先日の全国英語教育学会で私は教師の実践ナラティブについての理論的な考察を発表しましたが、この学会では、私の他にも何人かの方がナラティブ関係の発表をしておりました。特にポスター発表で多かったので、私はその発表者およびその聴衆で教師ナラティブを経験した方々に、私の発表で芽生えてきた問題意識に基づく質問を重ねました。そうしますとやはり予想通りというか、予想以上に面白い応答が聞けて非常に興味深かったです。


典型的な応答をいくつか書いておきますと、

・書くということは、自分と向き合うこと。最初の内はリフレクションを書けないのは、時間がないからだと思っていたが、実は自分を見つめて、ありのままの自分を認めようとすることが怖かったから。

・「自分はできない」で逃げてごまかしていた。

・理論が助けてくれると思い、大学院に行ったが、自分が気づかないと自らの実践は変わらないことがわかった。


・実際に書いてみたら、驚くほどに書けなかった。授業中に様々なことが起こっているはずなのに具体的なことが書けない。生徒を見ている「つもり」だったことに気づいた。

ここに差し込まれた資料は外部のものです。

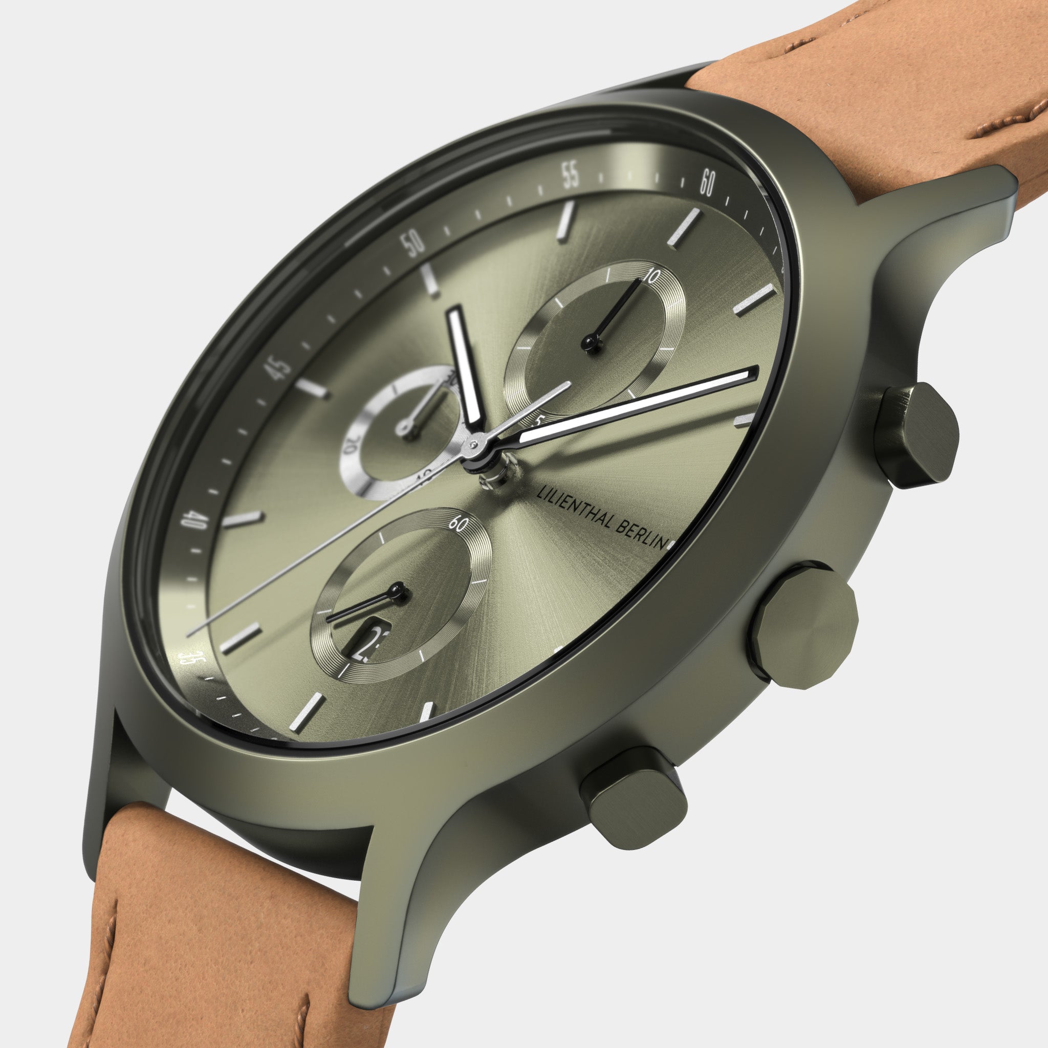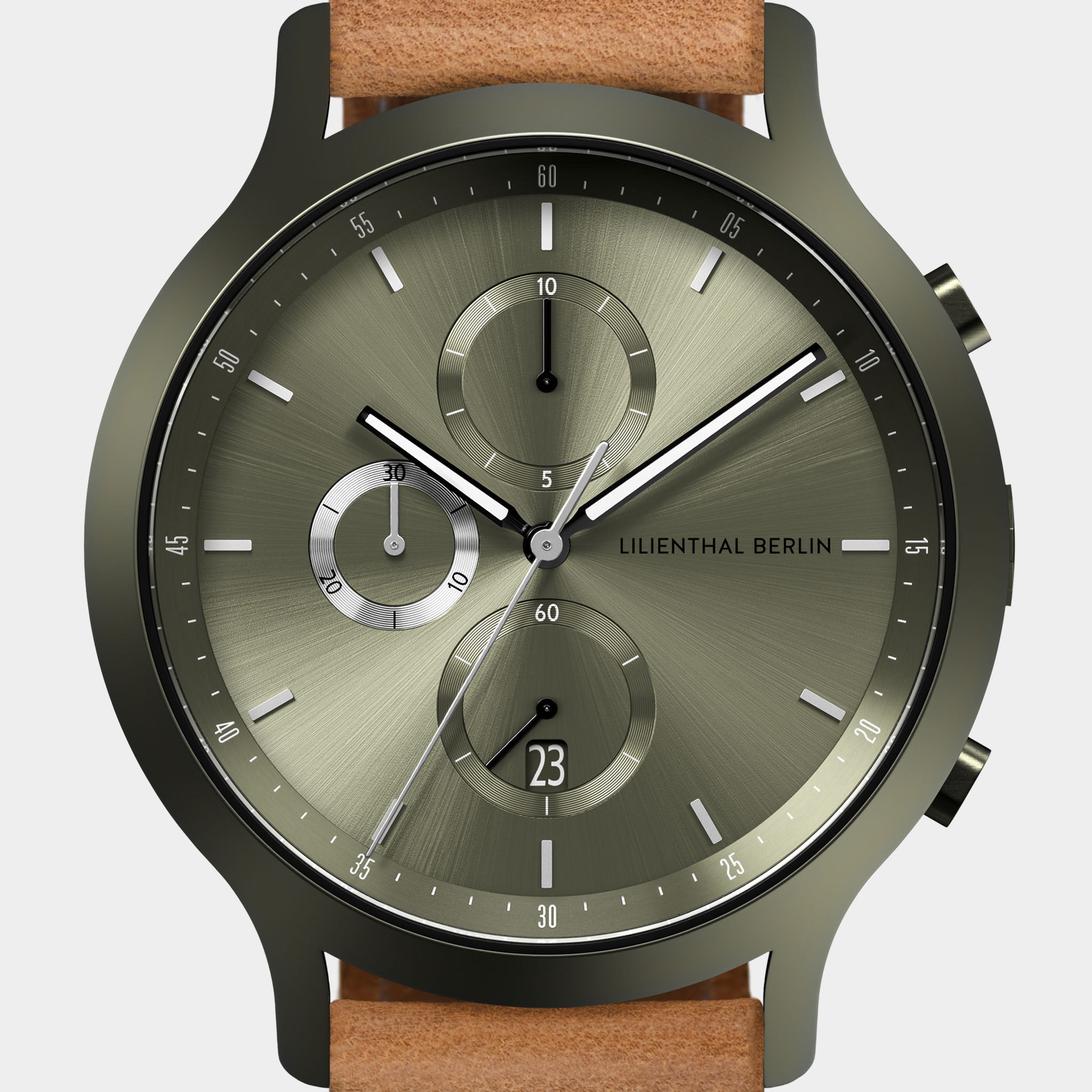 • Fresco y no convencional: El dial Sunburst brillante ha sido embellecido con detalles de Superluminova. La caja mate y la correa intercambiable hacen de este cronógrafo verde oscuro una pieza realmente llamativa.

・気づくということは生徒が見えるようになるということ。

・ジャーナルを英語で書く事で二重の意味で対象化ができる。つまり実践を振り返って日本語で表現することで、自らの実践を言語の形で対象化(第一次対象化)ができるが、日本語で書くとついつい感情的な表現(例「がっかりした」)などに引きずられてしまう。その点、英語で書くと、まずは頭の中で日本語を浮かべたとしてもそれを英語にしようとする時、その日本語表現で自分は何を感じているのか・何を言いたいのかを再検討しさらに自分の実践を対象化できる(第二次対象化)。こうすることで「生の自分」とうまく距離を取り、より十分に自分を観察できるように思う。また英語でジャーナルを書き続けることで、英語教師としての自覚と自信にもつながるように思う。



自分の研究の一つのアプローチとして、実践者の話を丁寧に聞くということを充実させてゆきたいと思います。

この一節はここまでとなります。